Her anger at Lash had been a sustenance while she’d been jailed and abused, and she’d thought it would have kept her going outside as well. But the instant she’d made that call to Rehv, all her energy had drained out of her and left her nothing but a heartbeat. And not much of one at that.
John moved his wrist even closer . . . so that his skin brushed against her mouth.
Her fangs elongated in a sluggish push at the same time her heart hiccuped like it wasn’t working right.
She had a choice in this quiet, charged moment: Take his vein and stick around. Deny him and die in front of him in the next hour or so. Because he was going nowhere.

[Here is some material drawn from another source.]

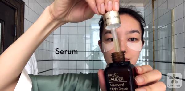 一边敷眼膜,一边在脸上涂上雅诗兰黛的小棕瓶精华液。
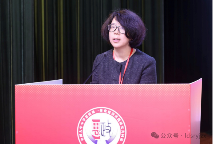 江苏省泰州中学原校长、党委书记、正高级教师 蒋建华 北京师范大学第二附属中学党委书记、正高级教师申敬红以《大中小学思想政治一体化实践着力点——以北师大二附中为例》介绍学校实践:聚焦全体教职员工与党支部书记、思政课教师两类人群,做好“再认识、再聚焦、再部署”三件事。“再认识”梳理国家思政课政策历史与核心概念,强化教师自觉;“再聚焦”围绕德育与思政教育关系、一体化内涵等关键问题,通过初高中法治课程构建、地理学科结合《山海情》教学、中华传统文化传承论坛等实践,落实纵向衔接、横向协同、实践育人及家校社协同,强化党团队融合;“再部署”通过研讨会推进系统设计,构建课程体系,同时以师德师风建设为核心强化教师队伍。

Moving her hand from her face, she shifted her eyes to him. He was as beautiful as always, his face the kind of thing females dreamed of.
Lifting her palm, she reached up to him.
Surprise flared in his eyes and then he bent down so that her hand landed against his warm cheek. The effort of keeping her arm elevated proved to be too much, but as her fingers trembled, he put his own palm over hers, holding it in place.
His deep blue eyes were a kind of heaven, the color like that of a warm, darkening sky.
She had a decision to make here. Take his vein or . . .
As she couldn’t find the energy to finish the thought, she felt as though she’d lost herself: going by the fact that she appeared to be conscious, she guessed she was alive—and yet she wasn’t in her own skin. Her fight was long gone, the thing that had defined her most in the world having evaporated. Which made sense. She had no interest in living anymore and she couldn’t fake that, not for him, not for herself.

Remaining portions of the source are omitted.